When combined with PRP, PFP, MFAT, or other regenerative methods, shockwave therapy may act like a biological catalyst. A catalyst helps a process work better. In this case, shockwave may help the body respond more effectively to the regenerative signals placed into the injured area.

Why ChiroMed’s Integrated Model Matters

Chronic back pain and sciatica are rarely simple. Pain may involve the spine, nerves, muscles, joints, inflammation, nutrition, stress, sleep, hormones, work demands, accident trauma, and movement habits.

That is why ChiroMed uses an integrated medicine model.

Dr. Alexander Jimenez, DC, APRN, FNP-BC, CCST, CFMP, IFMCP, ATN, brings a unique clinical view as both a chiropractor and a board-certified family nurse practitioner. His background allows him to consider both the structural and medical sides of pain. This includes spinal mechanics, soft-tissue injuries, nerve symptoms, functional medicine, rehabilitation, and personal-injury documentation.

Dr. Maria Guadalupe Cardenas, MD, Board Certified in Internal Medicine, serves as Medical Director and Collaborative Physician at the practice. ChiroMed clinic materials list Dr. Cardenas as NPI #1164426749 and Texas MD License #J2933. With over 40 years of experience as an internist, she adds medical oversight, adult health knowledge, chronic disease awareness, medication safety review, and clinical direction.

Taken together, this type of team-based care provides patients with a broader support system.

What Patients May Gain From This Type of Care

Patients may benefit from ChiroMed’s model because the care plan can connect several parts of recovery:

  • Chiropractic care to improve spinal motion and joint function
  • Medical oversight for safety, diagnosis, and clinical direction
  • Functional medicine to look at inflammation, nutrition, metabolism, and whole-body health
  • Rehabilitation to rebuild strength, balance, and movement control
  • Regenerative therapies to support tissue repair
  • Shockwave therapy to stimulate healing activity
  • Epidural injections when nerve inflammation needs targeted relief
  • Personal injury care for accident-related documentation and recovery planning

This approach may help patients avoid guessing. Instead of chasing pain from one treatment to the next, the team can build a step-by-step plan.

A Clear Patient Journey

A patient with chronic back pain or sciatica may go through several steps:

1. Detailed Evaluation

The team reviews the patient’s pain, health history, injury history, movement, posture, and prior treatment results.

2. Imaging and Clinical Review

When needed, imaging such as MRI or X-ray may help identify disc problems, arthritis, stenosis, or injury patterns.

3. Functional Movement Testing

The provider looks at how the body moves.

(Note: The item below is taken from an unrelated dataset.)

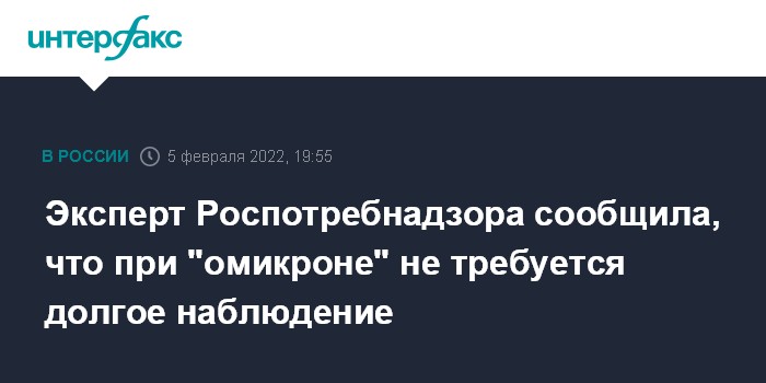 Москва. 5 февраля. INTERFAX.RU - Период наблюдения за заболевшими коронавирусом в РФ сокращен из-за особенностей "омикрона", заявила заместитель директора по клинической работе Московского научно-исследовательского института эпидемиологии и микробиологии имени Габричевского Роспотребнадзора Татьяна Руженцова.

This may show weakness, poor stability, limited range of motion, or compensation patterns.

4. Medical Risk Review

Medical oversight is important for patients with diabetes, heart disease, blood pressure issues, immune concerns, blood thinner use, or complex medication lists.

5. Conservative Care First When Appropriate

This may include chiropractic care, decompression, soft-tissue work, corrective exercise, nutritional support, and lifestyle changes.

6. Targeted Advanced Care

If needed, the plan may include regenerative therapies, shockwave therapy, or epidural spinal injections.

7. Rehabilitation and Long-Term Support

Pain relief is only one goal. The bigger goal is better movement, stronger support muscles, fewer flare-ups, and improved quality of life.

Regenerative Care Is About Healing, Not Just Masking Pain

Pain relief matters. Patients want to feel better. But long-term recovery often requires more than blocking pain signals.

Regenerative therapies aim to support injured tissue. Shockwave therapy may help improve blood flow and cell signaling. Epidural injections may help calm acute nerve inflammation. Chiropractic care may improve movement and reduce stress on spinal structures. Functional medicine may help reduce whole-body inflammation and improve healing potential.

When these tools are used together, patients may have a better chance of recovering function and reducing repeated pain cycles.

Final Thoughts

Chronic back pain and sciatica can be frustrating, especially when symptoms keep returning. But patients now have more options than rest, pain pills, and temporary relief.

Regenerative therapies like PRP, PFP, and MFAT may help support tissue repair. Epidural spinal injections may provide targeted relief for nerve inflammation. Shockwave therapy may act as a biological catalyst by improving blood flow, stimulating tissue repair signals, and helping the body respond to healing treatments.

At ChiroMed Integrated Medicine in El Paso, Dr. Alex Jimenez and Dr. Maria Cardenas bring together chiropractic care, medical oversight, functional medicine, rehabilitation, regenerative care, and personal injury recovery services. This team-based approach helps patients receive care that is organized, personalized, and focused on long-term function.

For patients dealing with chronic back pain, sciatica, herniated discs, accident injuries, or persistent spinal pain, ChiroMed offers an integrated path designed to help the body heal smarter and move better.


References

Friedly, J. L., Bauer, Z., Comstock, B., Turner, J., Kessler, L., Heagerty, P., Truitt, A., Lavallee, D., & Jarvik, J. (2019). Comparing the effects of two types of epidural shots on pain and physical ability in older adults with lumbar spinal stenosis. NCBI Bookshelf.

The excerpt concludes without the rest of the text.